How do pensions pay out? ›

Monthly pension payments are a fixed dollar amount, begin at retirement, and last until a retiree's death. Some plans offer a survivor's benefit for a living spouse. A lump sum distribution is a one-time cash disbursem*nt at retirement. The retiree is solely responsible for managing the funds throughout retirement.

Is a pension enough to retire on? ›

Unfortunately, probably not. When you run the numbers, you should definitely factor in other sources of income in retirement, including Social Security and a traditional pension, if you're lucky enough to have one.

What are the cons of a pension fund? ›

Cons Of Pensions
  • No control: Unlike with some other retirement plans, with a pension you don't have any control or access to your money until you retire. ...
  • Risk of bankruptcy: You do run some risk if the company that holds your pension goes bankrupt.
Jul 6, 2023

What are three disadvantages of 401k accounts? ›

Challenges of a 401(k) retirement plan
  • Most plans have limited flexibility as it relates to quality and quantity of investment options.
  • Fees can be high especially in smaller company plans.
  • There can be early withdrawal penalties equal to 10% of the amount withdrawn before age 59 1/2.

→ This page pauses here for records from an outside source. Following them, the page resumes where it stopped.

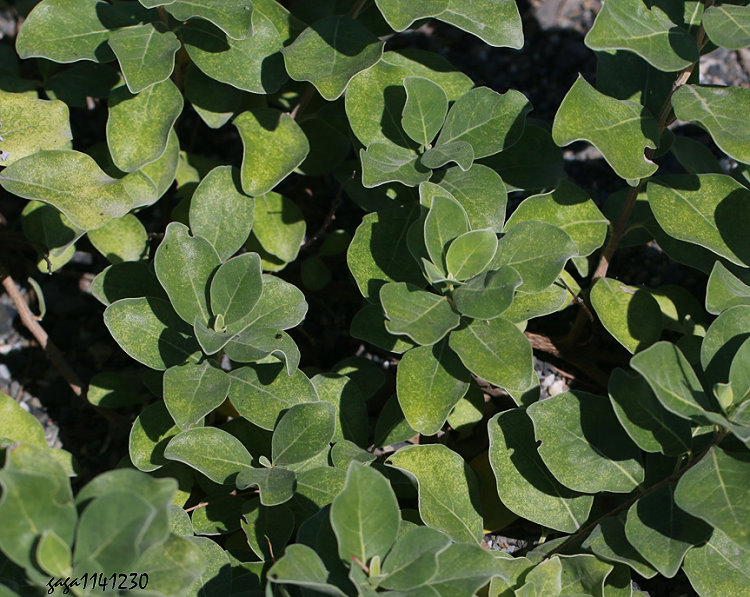 ↑十八斑瘦金花蟲 ,取食海埔姜植物葉片。
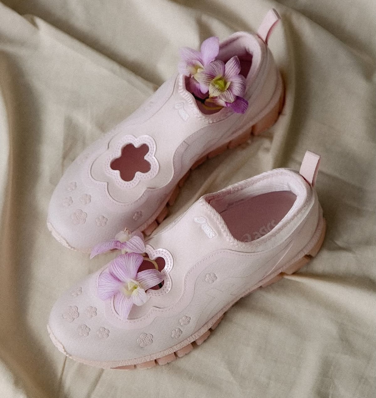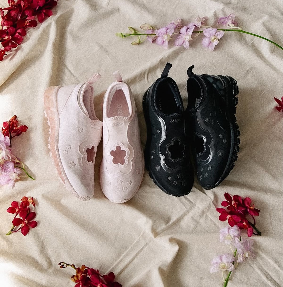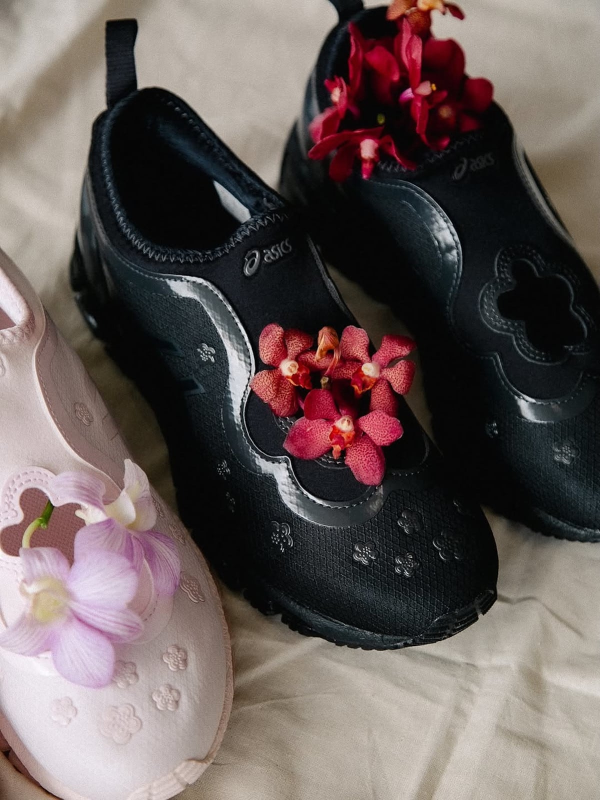 Mais elle ne s’est pas arrêtée au seul format. Ce serait trop simple. Pour maintenir une cohérence narrative avec les GT-2160 et Gel Cumulus qu’elle a sorties avant, Bahnsen a ramené ses fleurs . La découpe en forme de coquelicot sur l’empeigne, c’est le signe de reconnaissance de la collection. Visuellement c’est une belle réussite, ça va clairement prendre tout son sens cet été quand il fait chaud et que tu portes ça avec une jupe longue.
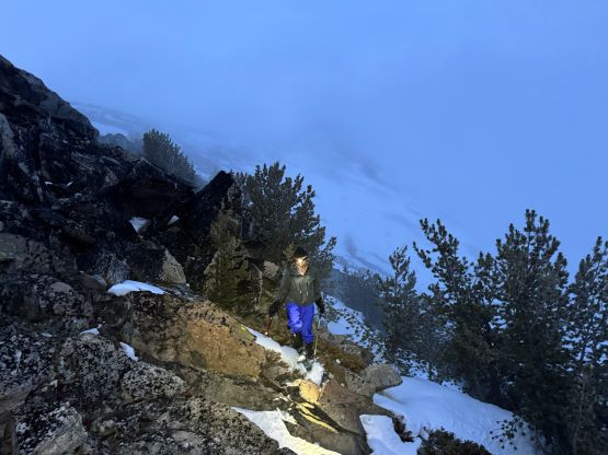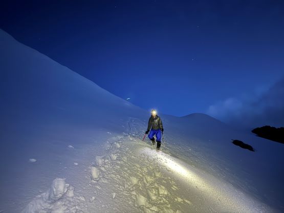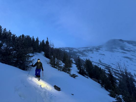 Vlad led us descending a slightly different route to avoid the worst of those slick boulders, and by the time we rejoined our tracks on the snow we had to turn on the head-lamps. Holly was only partially correct, as the weather finally improved (could be nicer if it happened an hour earlier) so the three of us spent some time on the ridge to soak in the views. Both Erica and I had the iPhone 15 Pros so the photo quality was actually excellent in the fading daylight. After taking in enough of the views we rushed back to the camp and settled for the night. I had to wear the winter park while using both the -7C and the +2C sleeping bags, and it definitely felt like a proper “winter camping” trip.
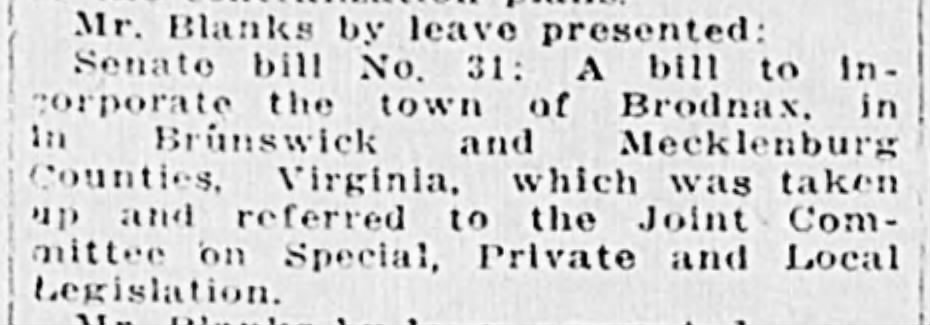 This newspaper clipping about Brodnax being incorporated is from the Richmond Times Dispatch Wednesday January 20, 1915 page 9
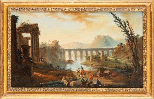 Ideal Latium view with ruins, corinthian temple, circular temple, aqueduct and figures

What is the average pension amount? ›

What is the average retirement income by state?
StateAverage retirement income
Arkansas$21,967
California$34,737
Colorado$32,379
Connecticut$32,052
47 more rows
Feb 28, 2024

How does NY pension work? ›

If you retire with less than 20 years of service credit, your benefit will equal 1.66 percent of your Final Average Salary (FAS) for each year of service. With 20 to 30 years of service credit, your benefit will equal 2 percent of your FAS, multiplied by your years of credited service.

Why did 401k replace pensions? ›

Defined-benefit plans in the private sector were once common but are rare and have been replaced by defined-contribution plans, such as a 401(k). Companies choose defined-contribution plans instead because they are less expensive and complex to manage than pension plans.

Does New York Life match 401k? ›

Do I get matching contributions? Yes, New York Life matches your after-tax contributions. However, company matching contributions are always made pre-tax. You won't owe as much in taxes when you receive the money from your account.

What are the pros and cons of pension? ›

Pension plans: Pros and cons
  • You are not using your own money to save and invest.
  • Your employer makes investing decisions, taking the burden off you.
  • You can count on a certain amount of money in retirement.
  • The funds will be paid out until death, and in some cases to a beneficiary.
Mar 11, 2024

Are pensions guaranteed for life? ›

Pensions are usually paid out in guaranteed regular payments until the employee dies. However, payments may be passed on to a surviving spouse or child depending on the plan.